Canadian basketball player

Ransford Sifah Brempong (born July 22, 1981) is a former Canadian National Team member and professional basketball player for the Fraser Valley Bandits of the Canadian Elite Basketball League (CEBL). He is currently the Lead Assistant Coach for the Bandits. Previously he was on the broadcasting team as the colour commentator for the team. He also runs his WCT Hoops basketball organization at the grassroots level. Continually providing opportunities for the next generation of basketball players in BC to reach their next level.

== Career ==
Brempong played college basketball for the Western Carolina Catamounts where he was a five year starter. While at WCU he broke his conferences' all time shot block record. He then went on to play professionally and played for Matrixx Magixx and Donar (then named Hanzevast Capitals for sponsorship reasons) in the Netherlands and Bayer Giants Leverkusen and Gloria Giants Düsseldorf in Germany.

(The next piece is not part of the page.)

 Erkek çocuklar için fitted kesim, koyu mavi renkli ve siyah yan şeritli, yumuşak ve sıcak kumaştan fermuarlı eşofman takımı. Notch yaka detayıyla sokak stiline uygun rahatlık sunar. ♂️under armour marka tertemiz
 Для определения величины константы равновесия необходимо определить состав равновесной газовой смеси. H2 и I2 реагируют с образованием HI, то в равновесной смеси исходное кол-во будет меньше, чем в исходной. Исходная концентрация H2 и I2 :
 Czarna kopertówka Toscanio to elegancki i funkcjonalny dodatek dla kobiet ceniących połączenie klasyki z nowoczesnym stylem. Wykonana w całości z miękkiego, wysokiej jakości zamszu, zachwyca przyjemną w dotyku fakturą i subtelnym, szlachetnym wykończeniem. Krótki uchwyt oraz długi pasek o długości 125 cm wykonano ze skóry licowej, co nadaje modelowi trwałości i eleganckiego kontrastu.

In 2018, after being retired for six years Brempong joined the St. John's Edge of the National Basketball League of Canada (NBLC). He then went on to play for the Fraser Valley Bandits of the Canadian Elite Basketball League (CEBL) in 2019.

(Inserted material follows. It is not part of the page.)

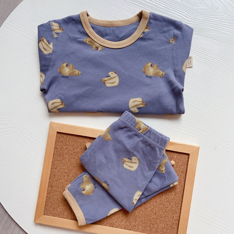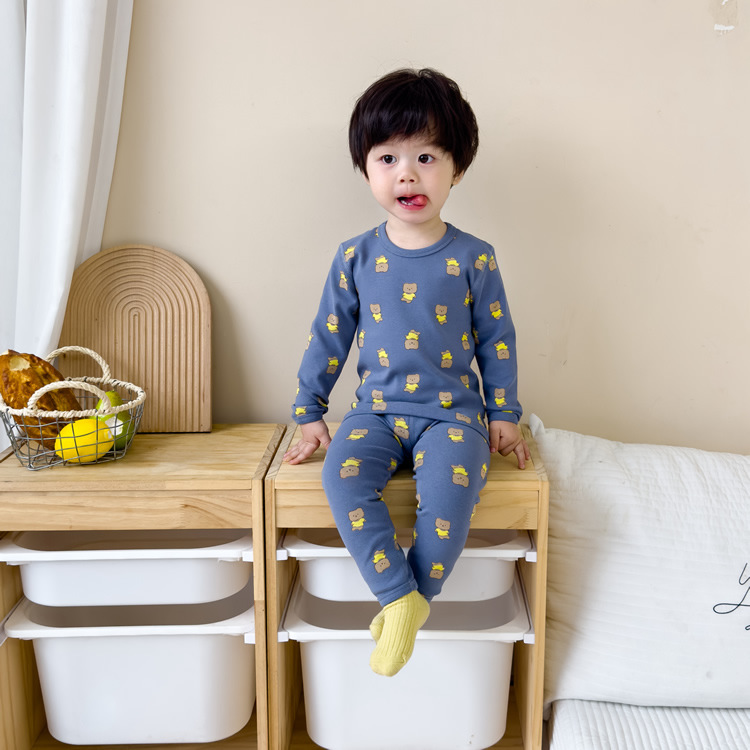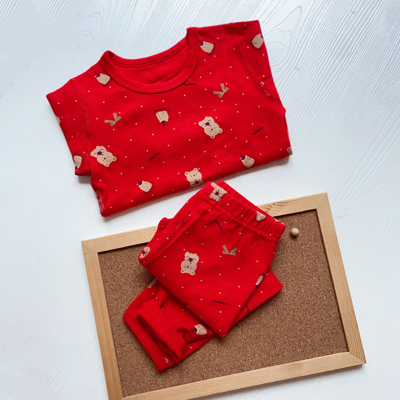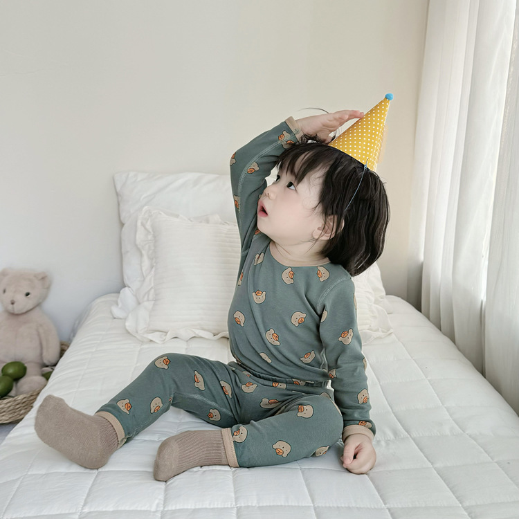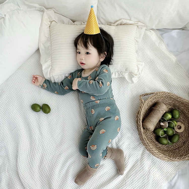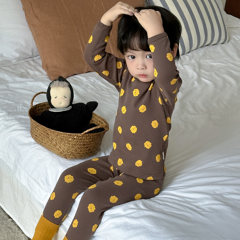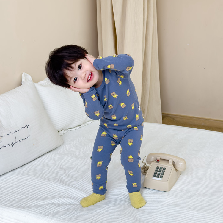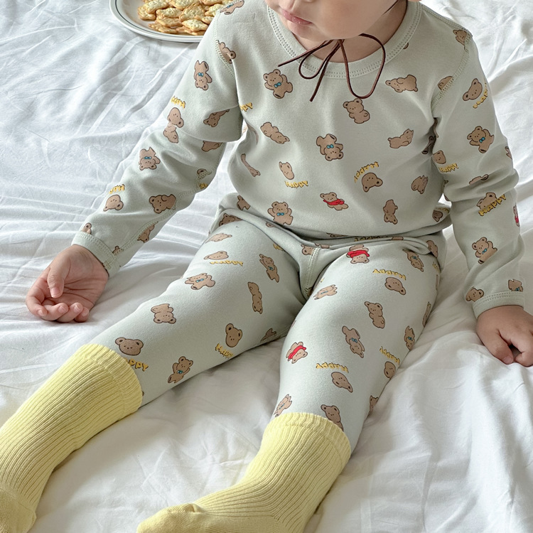가을과 겨울 아기의 가을 옷과 바지 세트 순면 뼈없는 어린이 열 속옷 기본 두꺼운 소년과 소녀 잠옷스토어 가기

Brempong also spent nearly eight years playing for the Canadian National Team. He first made the Junior National Team in 2001 and eventually made his way up the ranks to the Senior Men's team where he competed for three summers. During this time Brempong had the opportunity to play with and against many basketball greats such as Kobe Bryant, Dwyane Wade, Chris Paul, Dirk Nowitzki, Yao Ming, Steve Nash, Carmelo Anthony, Kelly Olynyk, and Kevin Martin.

== Personal ==
Born in Winnipeg, Manitoba to parents from Ghana, west Africa,
Brempong moved to Toronto in 1993 where he spent the rest of his elementary and high school days in Thornhill, Ontario. While in high school, he was selected his senior year as a Toronto Star top-5 player in the greater Toronto area. He spent five years in North Carolina where he went to Western Carolina University. In 2012, he was in a car accident where he broke his back. He spent the next four years doing extensive rehab before being able to make a full recovery and play basketball again six years later. Brempong currently lives in North Vancouver, British Columbia. He is married and has three children.